To better understand the purpose of the flattening procedure, consider how Melda processes the following two JSON files. The first one, named v2_alice_noflat.json contains:

{
	"software" : "MeldaDo",
	"version" : "1.0.0",
	"items" : [
	   {"_id" : "alice_todo_01", "title" : "Buy milk", "description" : "Go to the grocery store"}
	]
}

In this case, Melda will keep the root object as is, and the changes made to the items array by one user will not merge with changes made by other users. So, for example, if two users add an element to the array on their replica and later merge those replicas, only one of the elements will be visible. On the contrary, consider now another version of the document, named v2_alice.json, which contains:

{
	"software" : "MeldaDo",
	"version" : "1.0.0",
	"items♭" : [
	   {"_id" : "alice_todo_01", "title" : "Buy milk", "description" : "Go to the grocery store"}
	]
}

In this case the object within the items♭ array will be extracted and tracked individually. In particular, two JSON objects results from the above document:

{
	"_id" : "",
	"software" : "MeldaDo",
	"version" : "1.0.0",
	"items♭" : [
	  "alice_todo_01"
	]
}

And the todo item itself:

{
	"_id" : "alice_todo_01",
	"title" : "Buy milk",
	"description" : "Go to the grocery store"
}

Please notice that each object has its own unique identifier stored in the _id field. If an identifier is not provided by the client application, Melda will auto-generate one. The root object is always identified by (this identifier cannot be changed by the client application). Since each object of the items♭ array is tracked individually, if an user adds an element to the array and later merges his/her replica with another user all changes will be preserved.
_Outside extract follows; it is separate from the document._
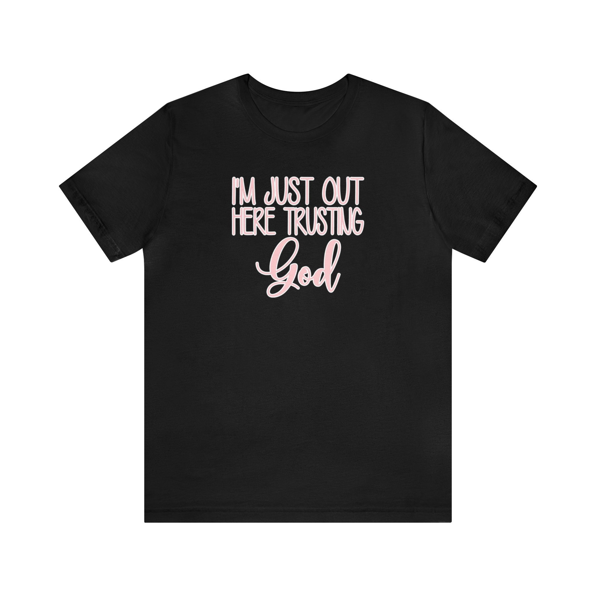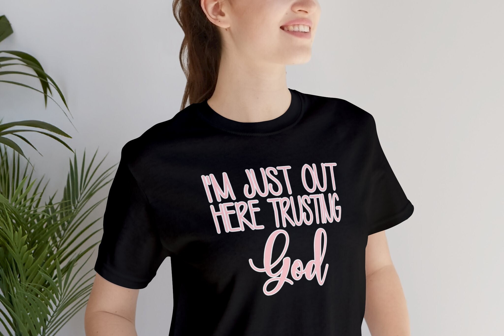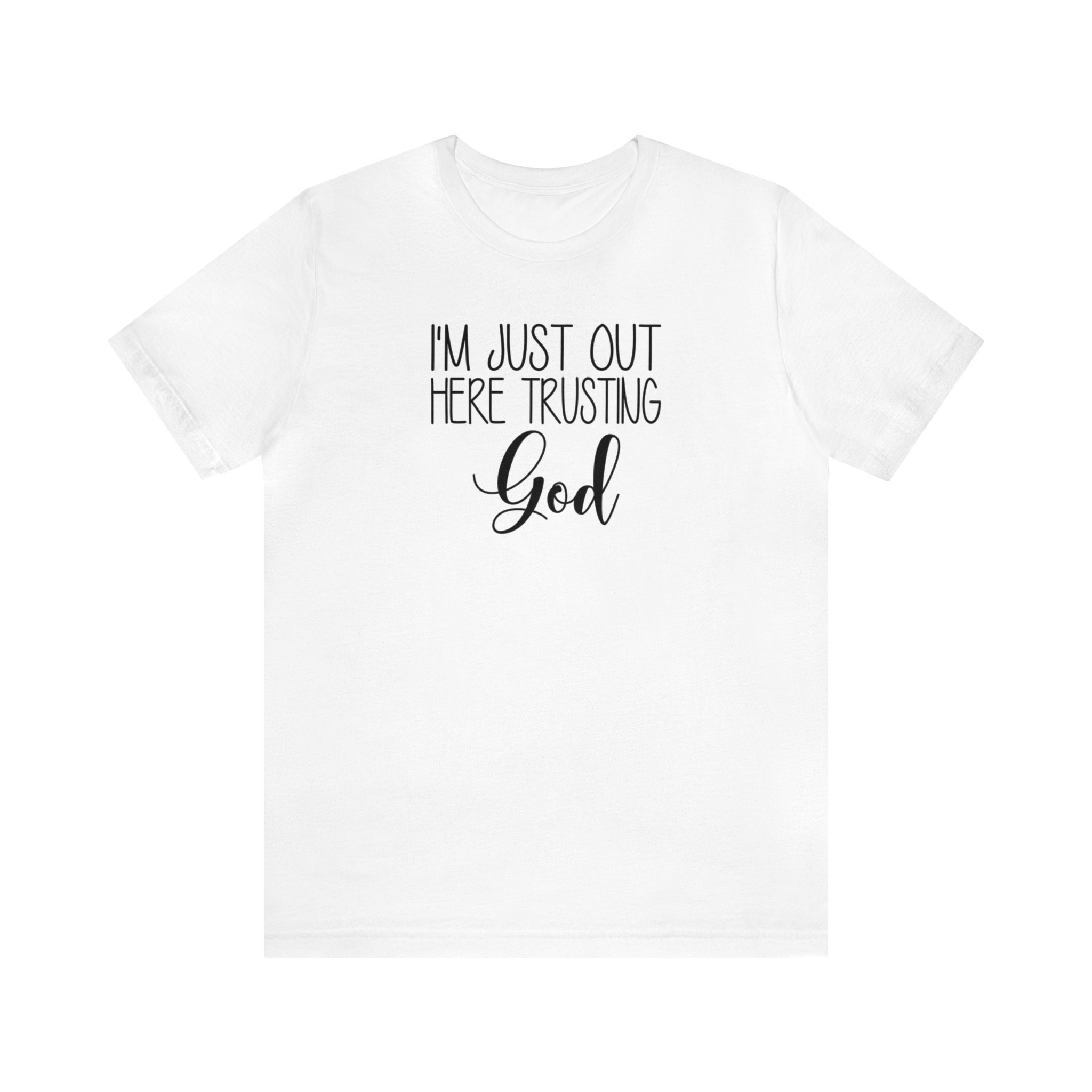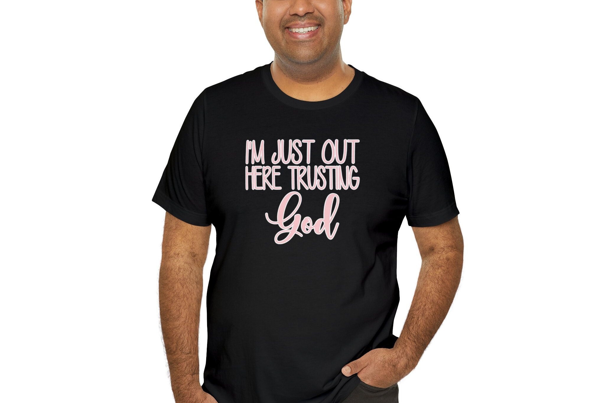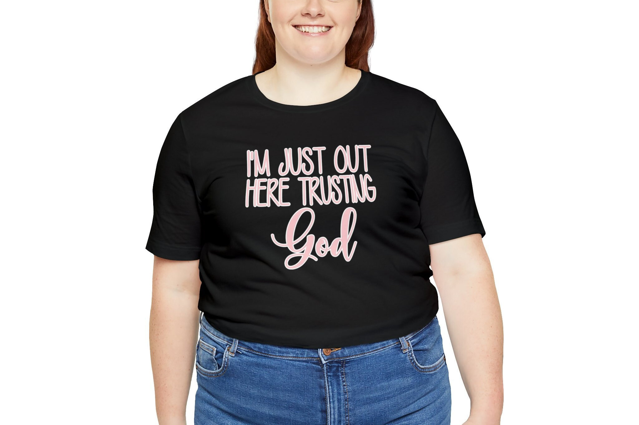 Introducing our latest arrival, the trust-inspired "I'm just out here just trusting God" t-shirt. Crafted with care, this t-shirt is designed to inspire and empower you as you navigate through life's journey. The combination of the bold and eye-catching text, "I'm just out here just trusting God," and the soft and comfortable fabric makes this t-shirt a must-have for those seeking to express their faith in style. This classic unisex jersey short sleeve tee fits like a well-loved favorite. Soft cotton and quality print make users fall in love with it over and over again. These t-shirts have-ribbed knit collars to bolster shaping. The shoulders are tapered for a better fit over time. Dual side seams hold the garment's shape for longer. .: Made with 100% Airlume combed and ring-spun cotton, a lightweight fabric (4.2 oz/yd² (142 g/m²)) that is easy to layer, breathable. Perfect for active and leisure wear. .: The retail fit that is perfect for casual and semi-formal settings. The crew neckline adds a classic, neat style that's perfect for accessorizing. .: Bella+Canvas manufactures all its products in the US and internationally in humane, no-sweat-shop, sustainable way and is part of the Fair Labor Association as well as Platinum WRAP certified. .: The tear-away label minimizes skin irritations. .: Fabric blends: Ash and Heather Prism colors - 99% Airlume combed and ring-spun cotton, 1% polyester; Heather colors - 52% cotton, 48% polyester; Athletic Heather and Black Heather - 90% cotton, 10% polyester.

If the collection of items becomes too large we can ask Melda to only store difference arrays between the newest revision of the document and the previous one. For that we simply need to prefix the key of the items field with the Δ character (greek capital letter delta). Version delta_alice.json might therefore become:

{
	"software" : "MeldaDo",
	"version" : "1.0.0",
	"Δitems♭" : [
	   {"_id" : "alice_todo_01", "title" : "Buy milk", "description" : "Go to the grocery store"}
	]
}

To keep things simple, in the following we will not use difference arrays. Let's go back to our example situation... Up until this point we only considered some JSON data, but we have yet to see how we can interact with Melda in order to update the data structure.

Adapters

Melda implements a modular design where the logic of the CRDT is separated from the data storage. Storing the data (in our case, delta states) is achieved by means of Adapters. Melda already provides different types of adapters, supporting in-memory storage (MemoryAdapter), filesystem storage (FilesystemAdapter) and Solid Pods (SolidAdapter). Furthermore, it is possible to use a meta-adapter to compress data using the Flate2 algorithm (Flate2Adapter): such an adapter can be composed with other adapters.

With Melda Tools we can choose an an adapter that will store data on the filesystem (in the todolist directory) by specifying a path like file://$(pwd)/todolist (where $(pwd) returns the absolute path of the current directory). If we want to used compression we would add the Flate2Adapter we would use file+flate://$(pwd)/todolist.

Creating the CRDT

In order to create the first state or update the state of the CRDT we use the update command. Suppose that the first version of the document is stored in file v1.json and contains:

{ "software" : "MeldaDo", "version" : "1.0.0", "items♭" : []}

Alice can create / update the CRDT inside the todolist directory with:

./target/debug/libmelda-tools update -a "Alice" -d "First commit" -j v1.json -t file://$(pwd)/todolist

Please note that we assume that Melda Tools have been compiled in debug mode and that the executable is ./target/debug/libmelda-tools.

Updates made to the CRDT are committed to disk. We can pass an optional author (-a option) and description (-d option) with additional information that will be stored along with the updates.

The result of the update is either an error message or the identifier of the committed block.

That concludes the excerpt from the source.